Que trata da loucura do estudante Dom Canuto de Melo com outras aventuras de feliz recordação
Conta Cide Hamete Benengeli, num de seus manuscritos, que Dom Canuto, nos intervalos que tinha de ócio - que eram os mais do ano -, se dava a ler livros de História, com tanta afeição e gosto, que se esqueceu quase de todo de suas campanhas de RPG e até de seus desenhos japoneses; e a tanto chegou a sua curiosidade e desatino neste ponto, que cedeu todos os seus mangás japoneses ao seu irmão mais novo, ampliando por outro lado o seu acervo de livros didáticos de História e Filosofia e uns outros das ciências sociais.

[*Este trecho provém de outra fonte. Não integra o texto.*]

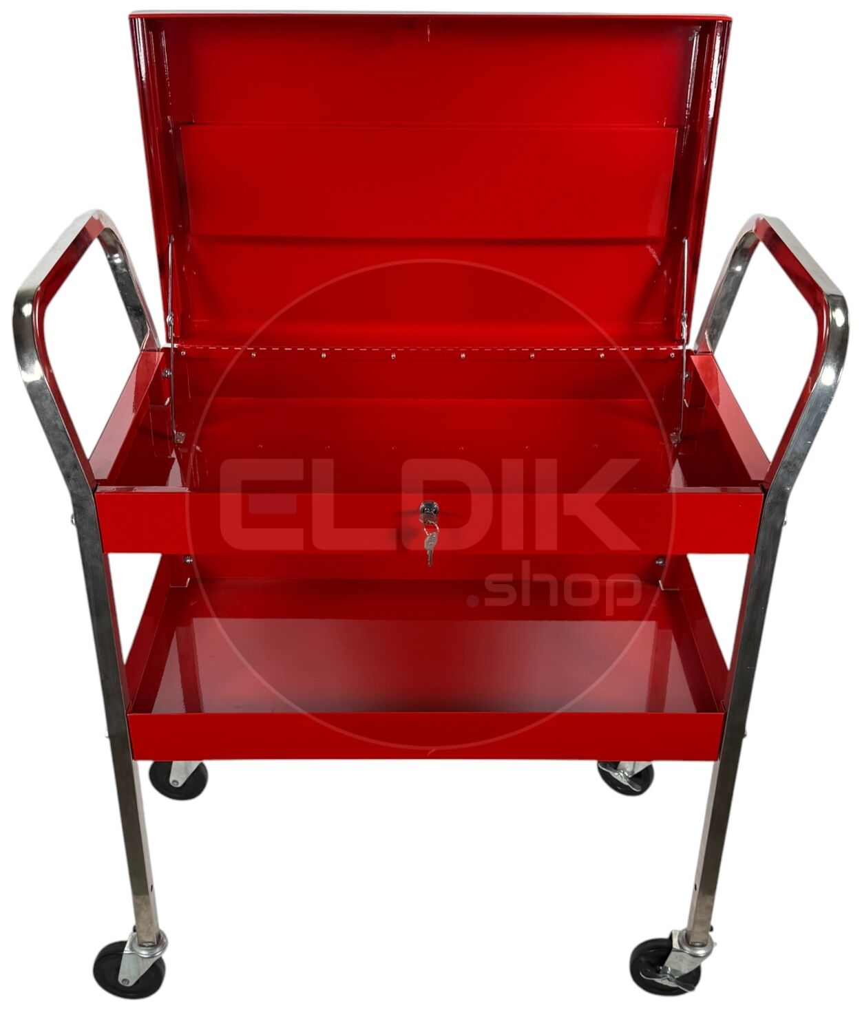 - Gereedschapswagen met geïntegreerde gereedschapskist en plateau
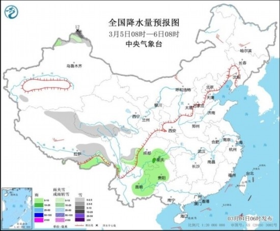 全國降水量預(yù)報圖(3月5日08時-6日08時)
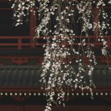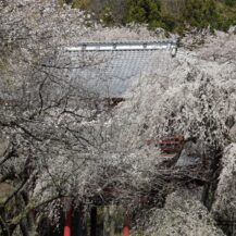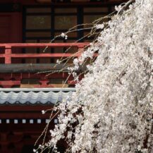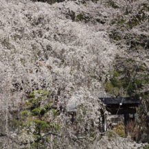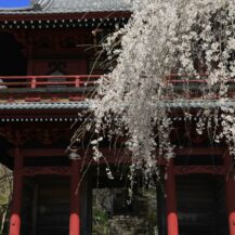 撮影のポイントは、枝垂れ桜の“流れるライン”と門の“直線的な構造”を対比させる構図を作ることです。曲線と直線の組み合わせを意識することで、写真にメリハリと美しさが生まれます。また、門の下から見上げる構図では、枝垂れ桜が空を覆うような迫力を表現でき、逆に少し距離を取って撮影すると、門と桜のバランスが整った落ち着いた印象の写真になります。
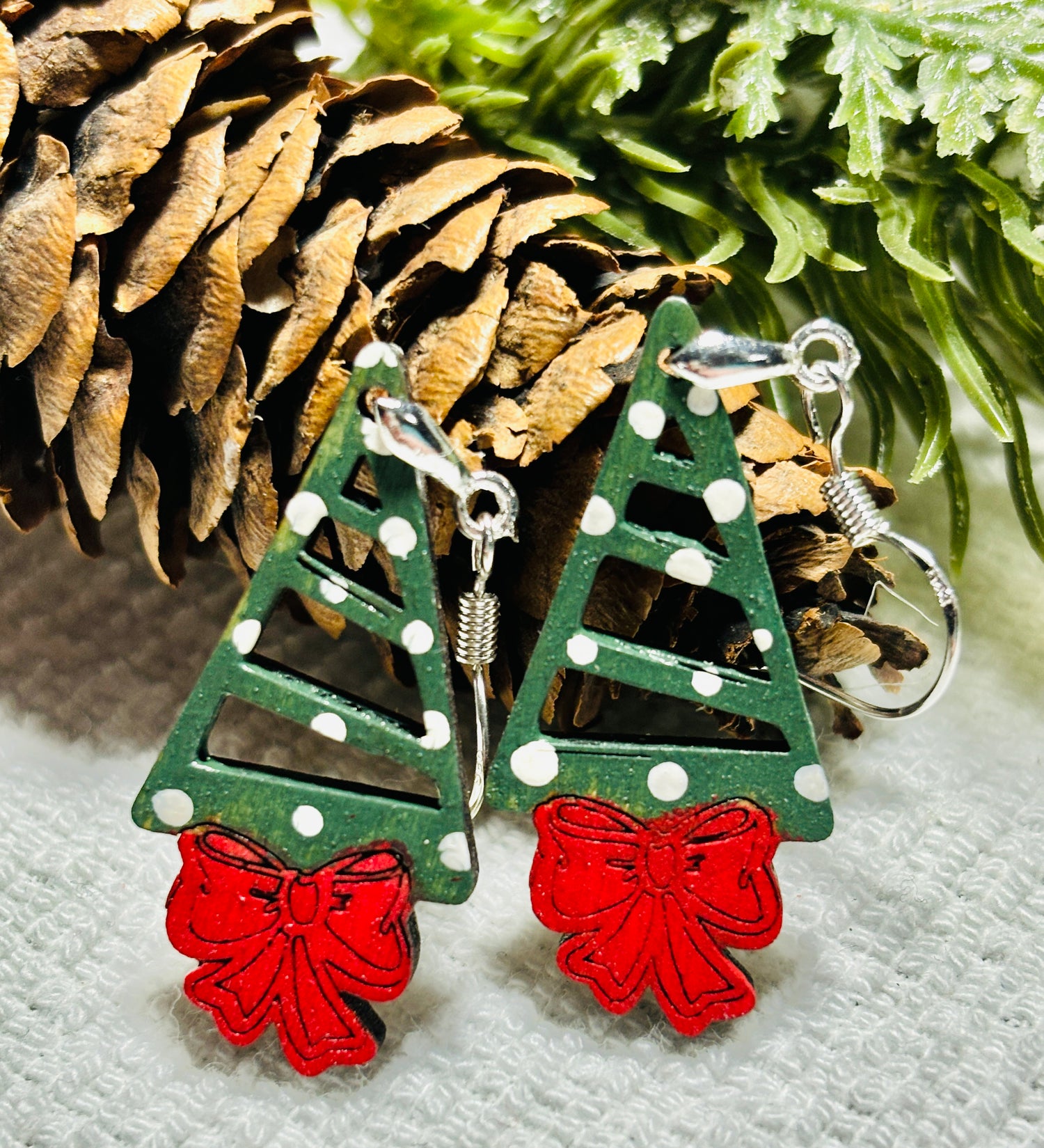 Add a playful touch to your outfit with this unique one piece earring featuring a tree with a vibrant red bow. Embrace your quirky side with this fun accessory.
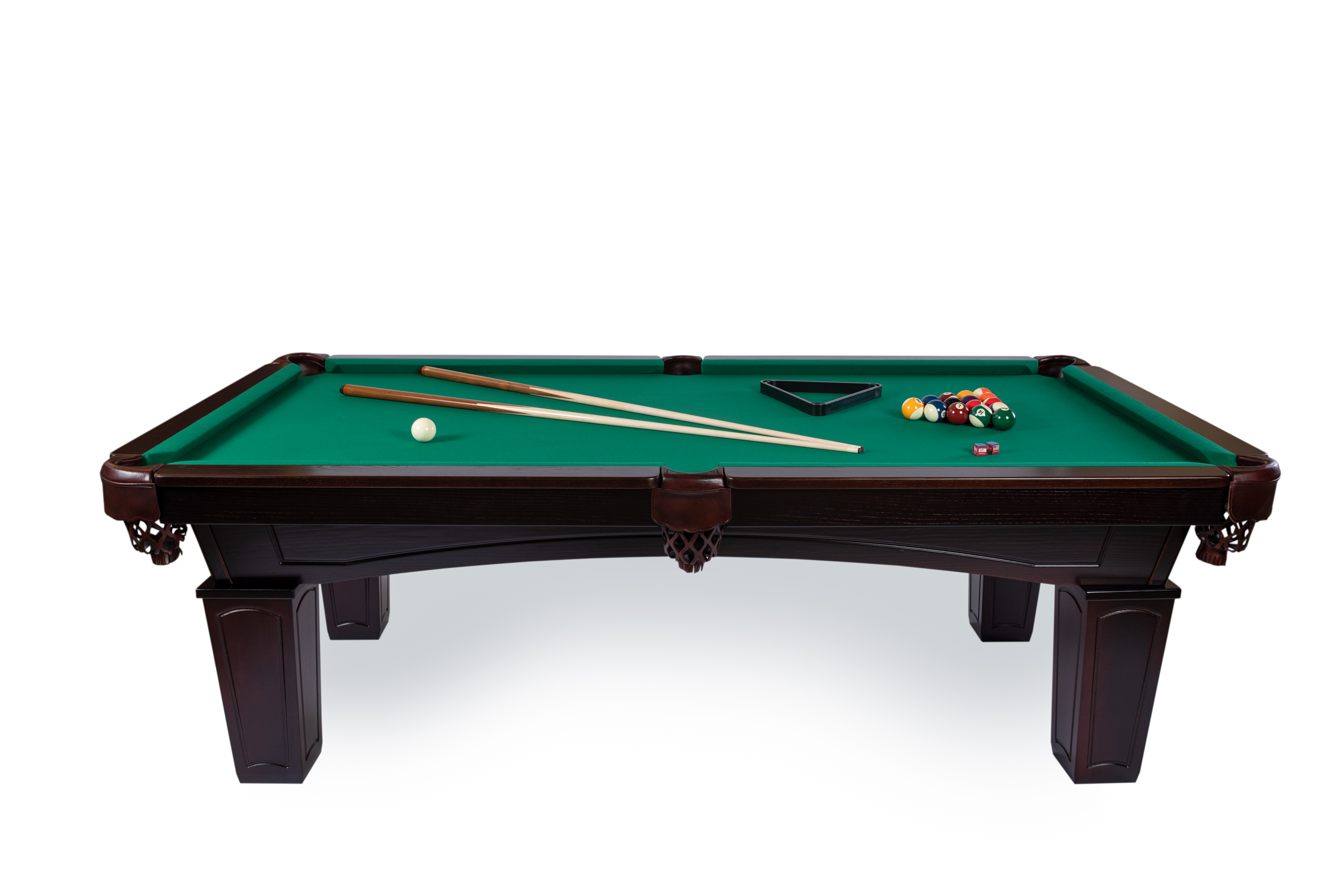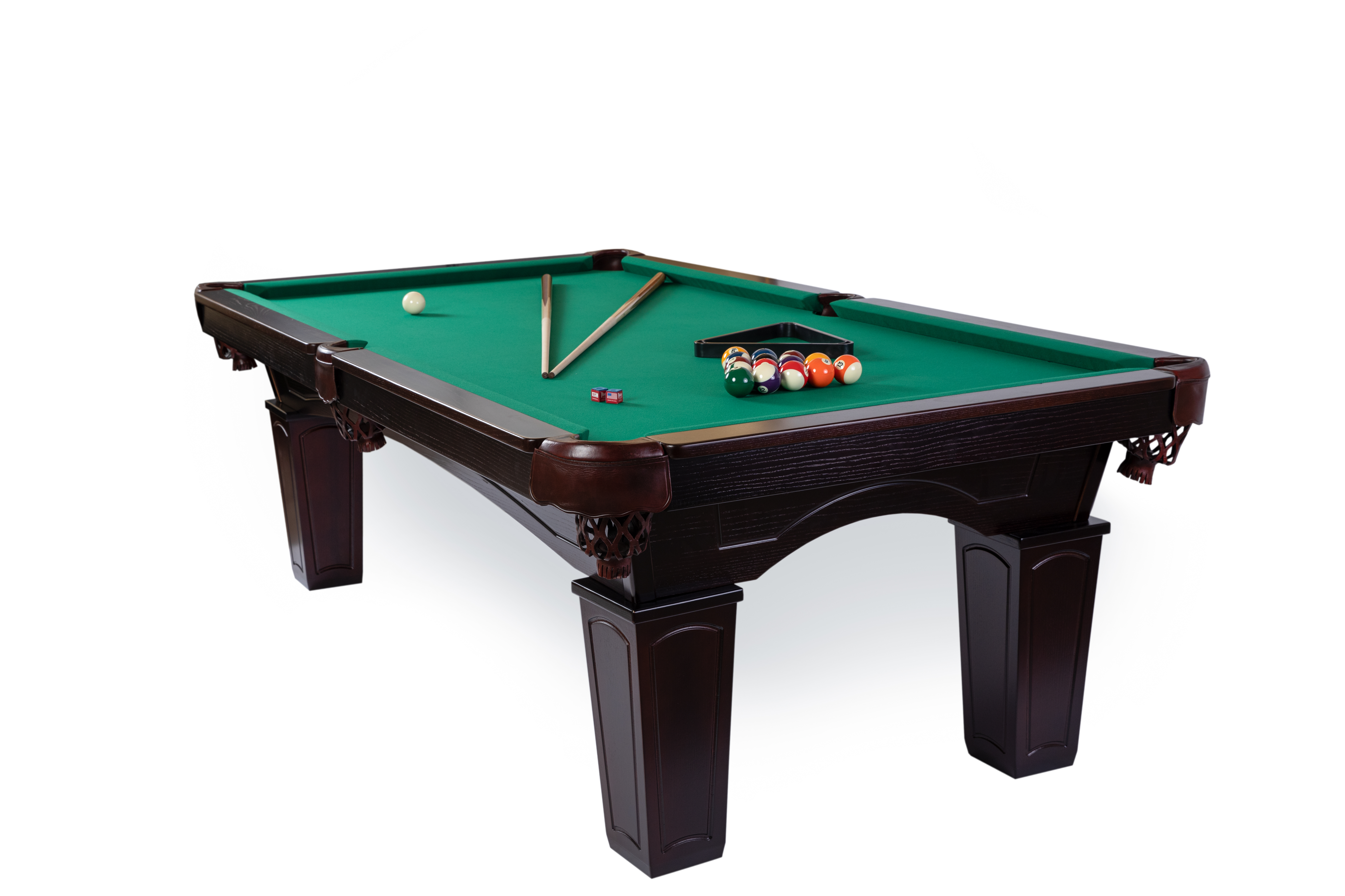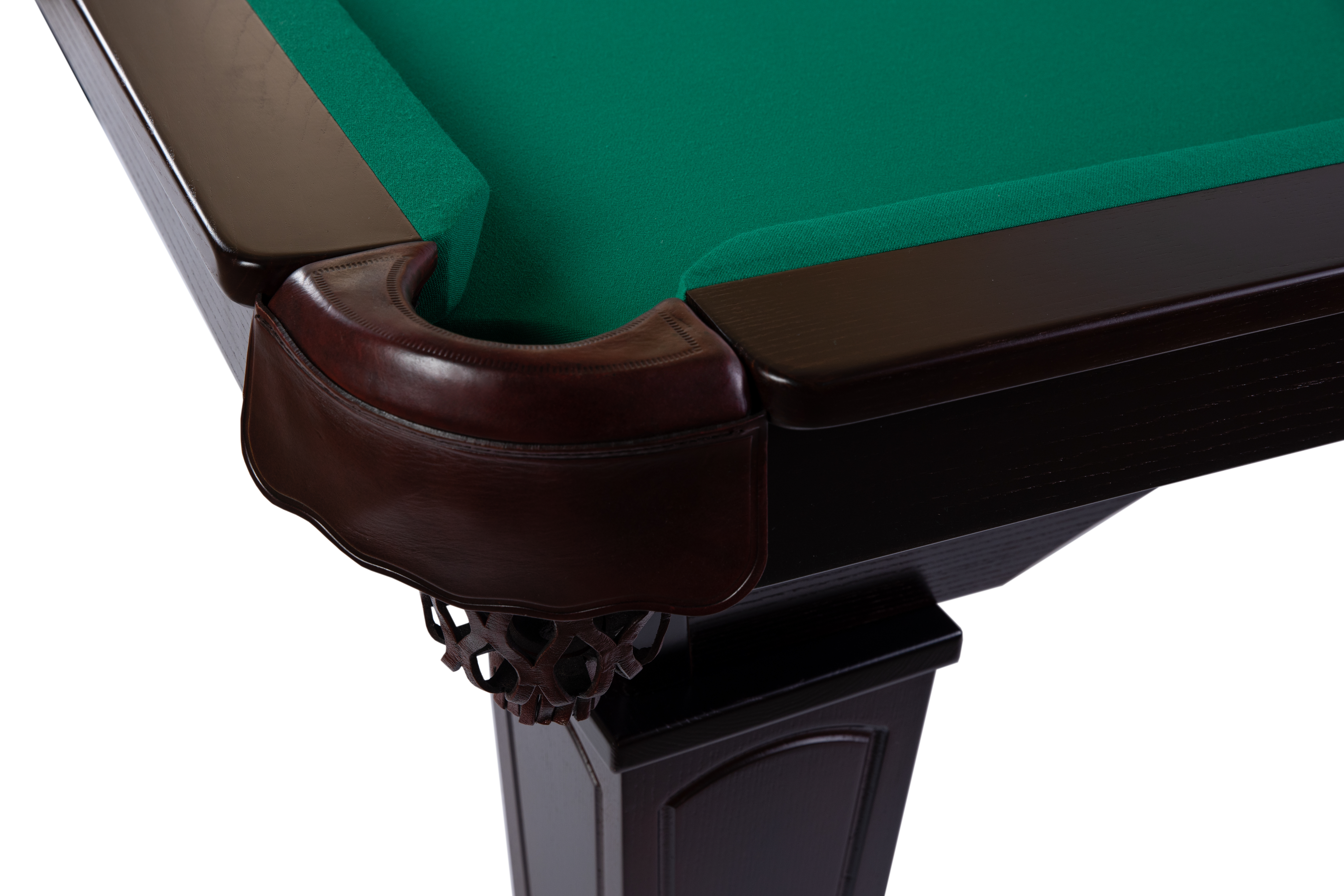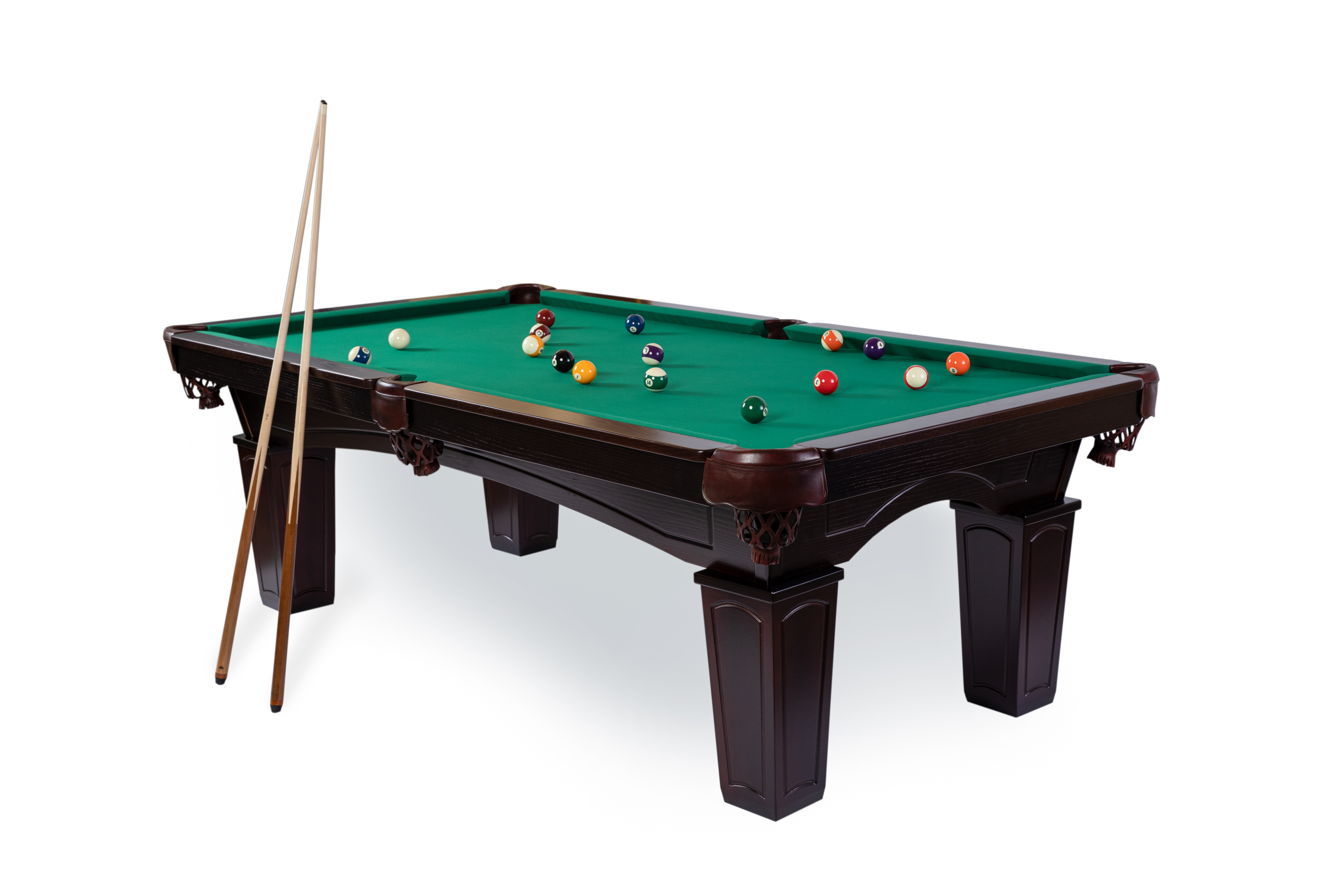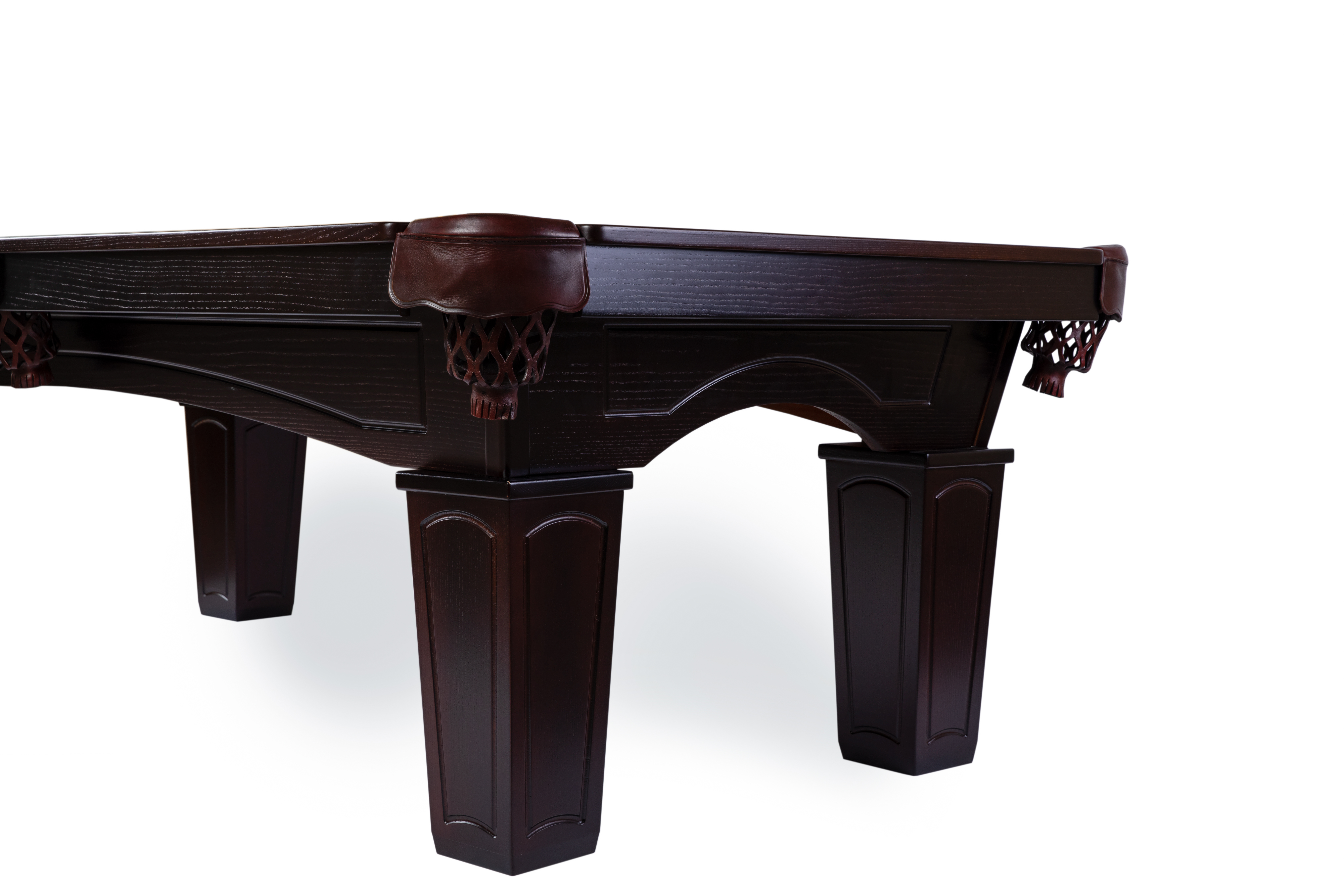 The Texas billiard table, made of solid wood, features tapered rectangular legs, a 3-piece slate slab, leather pockets, and K66 profile rails. It serves well both in a bar and in a private building. The crown is made of solid ash wood. Customization is available upon individual order.
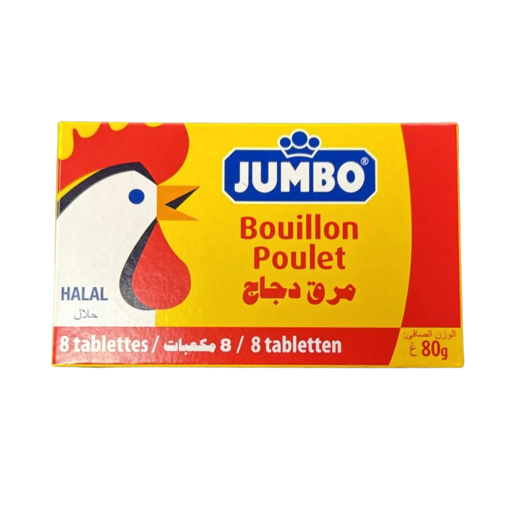 JUMBO Authentic Halal Chicken Bouillon Cubes provide rich, concentrated chicken flavor, perfect for enhancing your African, Middle Eastern, or international dishes. Each 80g pack contains 8 tablets, ideal for adding depth to rice, soups, stews, and sauces. Certified Halal.

Dentre todos eles, nenhum lhe agradou mais que os compostos pelo historiador Mário Schmidt - Nova História Crítica - porque a clareza de sua linguagem, a forma como denunciava as injustiças e os conflitos sociais, e todas aquelas ilustrações contidas no livro lhe pareciam de pérolas, e mais, quando chegava a ler aqueles quadros do livro “Refletindo a História no Cotidiano”, e quando lia aquelas passagens sobre a Revolução Russa – Lênin e os bolcheviques conduzindo os operários na luta contra o czarismo, “todo o poder aos sovietes!”, as imagens da Revolução dos Cravos, a triunfante Revolução Cubana, Fidel e Guevara vociferando contra o imperialismo norte americano, “hasta la victoria siempre!”, era todo ele tomado por um estranho entusiasmo que crescia subterraneamente no seu coração, sem que ele disso se desse conta.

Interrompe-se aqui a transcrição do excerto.